One Morning in Sunday School

by Damon L. Fordham

Ernest Monroe Potts was truly enjoying himself that Friday afternoon.

The men of the neighborhood had not assembled at his tool shed today, so after he completed his daily regimen of handy work and gardening around his home, he picked up the afternoon newspaper and sat in his rocking chair on his porch. He smiled at his contented state, with the satisfaction of having reached a point in his life where he worked and rested whenever he wanted.

About an hour later, he saw Lucas Moore on coming toward his yard after school let out for the day. There was a time when the sight of the lad would have annoyed the old man and prevented him from spending his time in more pleasurable ways. However, the elderly sage had developed a fondness for the boy, since the child loved Ernest's stories as much as Mr. Potts loved to tell them.

Lucas pleasantly greeted the old man while the grandfatherly gentleman folded his newspaper and responded in kind. After letting the boy into his house, Mr. Potts inquired about Lucas' day at school.
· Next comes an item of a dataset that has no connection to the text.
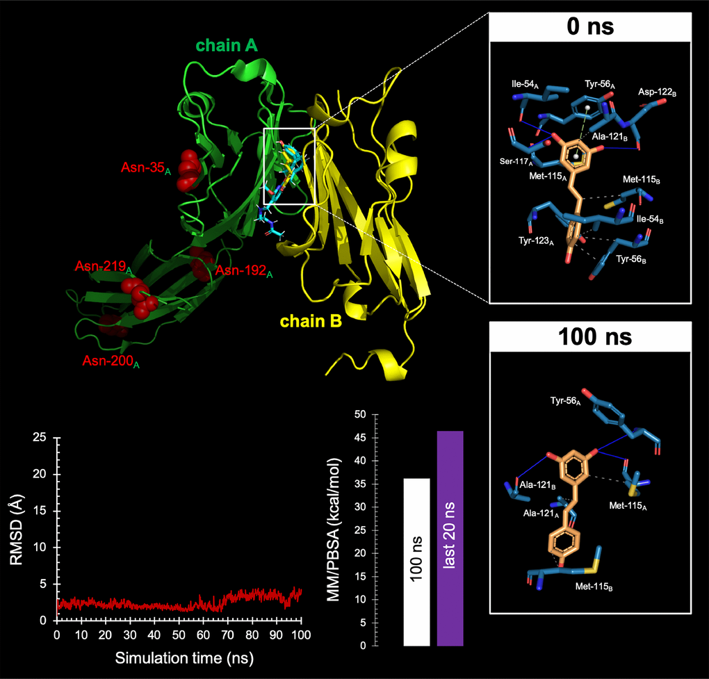 The strong exacerbation of the cytotoxic activity of T-cells against RSV-treated cancer cells raised the suspicion that additional PD-L1-targeted RSV mechanisms of action might be involved. We speculated that such non-mutually exclusive mechanisms might involve RSV binding to the dimerization surface of PD-L1, which is the same employed by PD-L1 to interact with PD-L1 [71–77]. Computer-aided docking/MD simulations predicted the capacity of RSV to occupy the cavity formed by two PD-L1 monomers (ΔG=-9.252 kcal/mol) in a manner closely mimicking that of BMS-202 (ΔG=-11.11 kcal/mol), a small-molecule capable of inhibiting the PD-1/PD-L1 interaction by inducing PD-L1 dimerization through the PD-1 interacting surface [71, 75] (Figure 8, top). The interacting mode of RSV with the dimeric PD-L1 complex included the key contribution of Ile54, Tyr56, Met115, Ala121, and Tyr123 residues on both monomers. An analysis of the RSV trajectory docked to the PD-L1 dimerization interface during a 100 ns period revealed a less than 5Å displacement compared with its initial position at the PD-L1 interaction interface (Figure 8, bottom). These findings, together with solvation binding energies as high as 45 kcal/mol, provided computational insight into the putative capacity of RSV to target PD-L1 dimerization and block the PD-1/PD-L1 interaction. When we examined monomeric and dimeric conformations of PD-L1 by native gel electrophoresis, the presence of appreciable amounts of PD-L1 dimer was apparent in RSV-treated cells whereas the monomeric form of PD-L1 was the major species in untreated control cells (Figure 8, bottom).
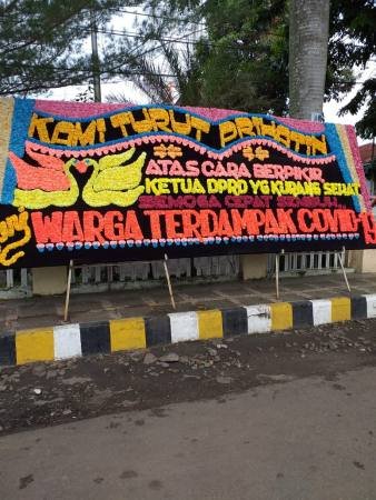 Tidak diperoleh keterangan lebih lengkap dan terinci terkait siapa pengirim papan bunga yang menyatakan prihatin. Hanya mengaku sebagai warga yang terdampak Covid 19 tersebut. Soalnya saat ditelusuri tidak ada seorang pun anggota DPRD yang berada di kantor dewan tersebut.

"Pretty good, sir. I have some homework on something interesting."

"Oh, really? What's that?"

"Something called Greek Mirthology..mattology..."

"Greek Mythology," corrected the elder. "You're right, that is some kind of interesting. We studied that stuff when I was in school."

"Really?" asked Lucas.

"Oh yeah. Those Greeks had stories about as good as the ones those fellows and I tell after work," added Ernest with a wink. "They talked about Hercules, who was the strongest man in the world. They had some good scary ones about the Cyclops, which was a monster with one eye in the middle of his head. Let's see, and there was..."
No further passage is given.